The first white settler, Thomas Ogle Stroud, arrived in the area in March 1806, settling on the Cider Fork of Whiskey Run creek.

Crawford County was formed on January 5, 1818, from land in the Harrison, Orange, and Perry counties, prompted by a petition of what would become of Crawford County's population. Some say it was named for William H. Crawford, who was U.S. Treasury Secretary in 1818. Others say it was named for Col. William Crawford, who fought in the French and Indian War and Revolutionary War, and who was burned and scalped by Indians in 1782 in what is now Wyandot County, Ohio. The county seat was in Leavenworth for several decades but eventually moved to English.
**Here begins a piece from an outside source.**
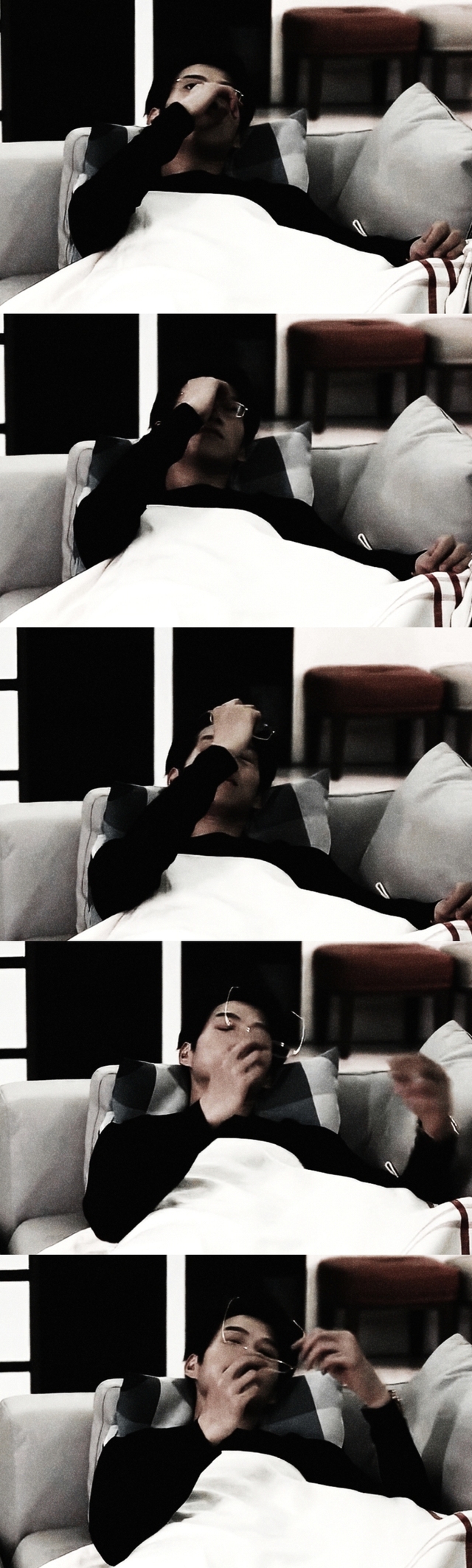 还若下意识往他怀里靠了靠,看着他随手拿起床头柜上放着的文件,修长的手指时不时翻阅着,镜片后的目光十分专注。

Bands of "White Caps" terrorized the county in the late 1880s, according to a report by Attorney General Louis T. Michener. Blacks and others they disliked were forced out; victims, both male and female, were severely whipped.

==Climate and weather==

In recent years, average temperatures in English have ranged from a low of 21 °F in January to a high of 88 °F in July. Although, a record low of -31 °F was recorded in January 1977 and a record high of 104 °F was recorded in July 1983. Average monthly precipitation ranged from 3.13 in in October to 5.06 in in May.

==Government==

The county government is a constitutional body, and is granted specific powers by the Constitution of Indiana, and by the Indiana Code.
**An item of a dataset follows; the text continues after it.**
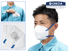 個包装折りたたみタイプで衛生的。国家検定規格DS2、米国NIOSH規格N95合格した使い捨て式防じんマスクです。

County Council: The county council is the fiscal branch of the county government and controls all the spending and revenue collection in the county. Representatives are elected from county districts. The council members serve four-year terms. They are responsible for setting salaries, the annual budget, and special spending. The council also has limited authority to impose local taxes, in the form of an income and property tax that is subject to state level approval, excise taxes, and service taxes.

Board of Commissioners: The executive body of the county is made of a board of commissioners. The commissioners are elected county-wide, in staggered terms, and each serves a four-year term. One of the commissioners, typically the most senior, serves as president. The commissioners are charged with executing the acts legislated by the council, collecting revenue, and managing the day-to-day functions of the county government.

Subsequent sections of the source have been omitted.